■ **PROBLEM DESCRIPTION**
In the data below, find the line containing "Earrings made with"; transcribe it and each line after it exactly, through the last, skipping pictures.
=== DATA SEGMENT ===
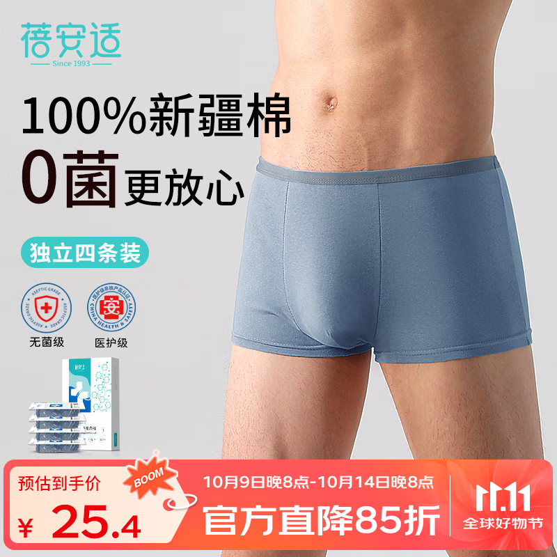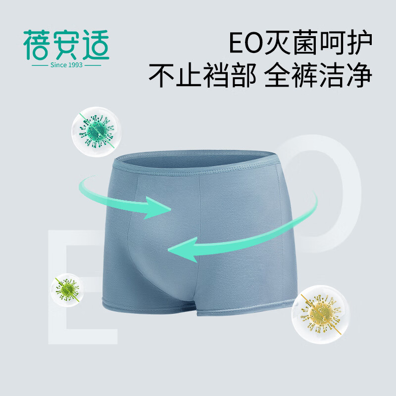 蓓安适一次性内裤男纯棉旅行便携免洗短裤双档平角灰蓝四条装 XXL码
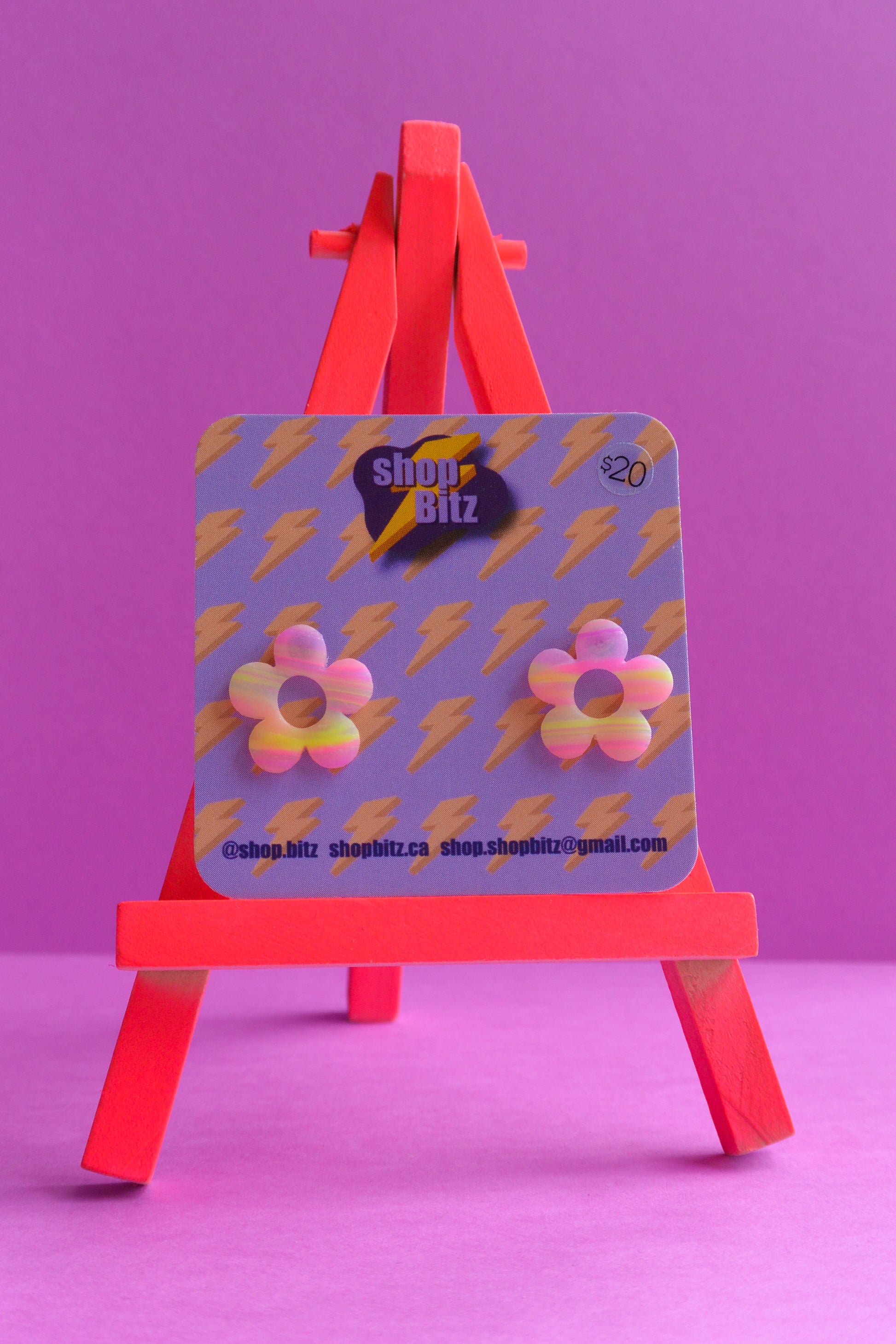 Earrings made with polymer clay, set on nickel free stainless steel findings. As item is handmade, there may be slight variations to product.
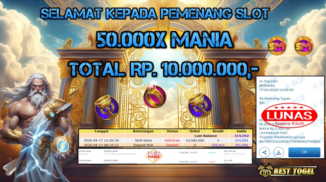 Selamat kepada User id : BQN*** Telah berhasil mendapatkan kemenangan besar pada permainanan slot 50.000X MANIA dengan total kemenangan Sebesar Rp. 10.000.000,- Setelah mengisi formulir withdraw dengan kurung waktu hanya 5 – 10 menit pihak  BESTTOGEL sudah melakukan transfer kepada pemilik Userid dan dana sudah dapat di cairkan oleh pemenang. Bukti pembayaran yang kami berikan merupakan bukti pembayaran yang SAH / VALID yang langung di dapatkan melaui tanda transfer transaksi dari Bank yang di tuju.Kami mengucapakan banyak Terima Kasih Kepada pemenang karena sudah mempercayakan kami sebagai Bandar Tepercaya yang membayar semua kemenangan member
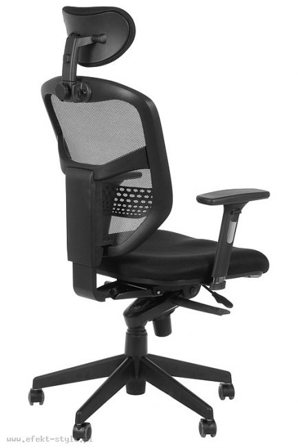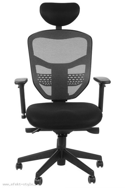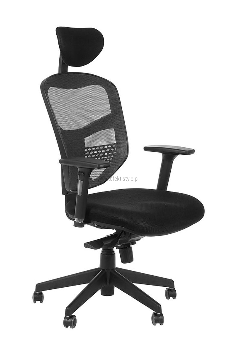 Fotel biurowy obrotowy z regulowanym zagłówkiem oraz z wysuwem siedziska.
===
■ **YOUR SOLUTION**
 Earrings made with polymer clay, set on nickel free stainless steel findings. As item is handmade, there may be slight variations to product.
 Selamat kepada User id : BQN*** Telah berhasil mendapatkan kemenangan besar pada permainanan slot 50.000X MANIA dengan total kemenangan Sebesar Rp. 10.000.000,- Setelah mengisi formulir withdraw dengan kurung waktu hanya 5 – 10 menit pihak  BESTTOGEL sudah melakukan transfer kepada pemilik Userid dan dana sudah dapat di cairkan oleh pemenang. Bukti pembayaran yang kami berikan merupakan bukti pembayaran yang SAH / VALID yang langung di dapatkan melaui tanda transfer transaksi dari Bank yang di tuju.Kami mengucapakan banyak Terima Kasih Kepada pemenang karena sudah mempercayakan kami sebagai Bandar Tepercaya yang membayar semua kemenangan member
 Fotel biurowy obrotowy z regulowanym zagłówkiem oraz z wysuwem siedziska.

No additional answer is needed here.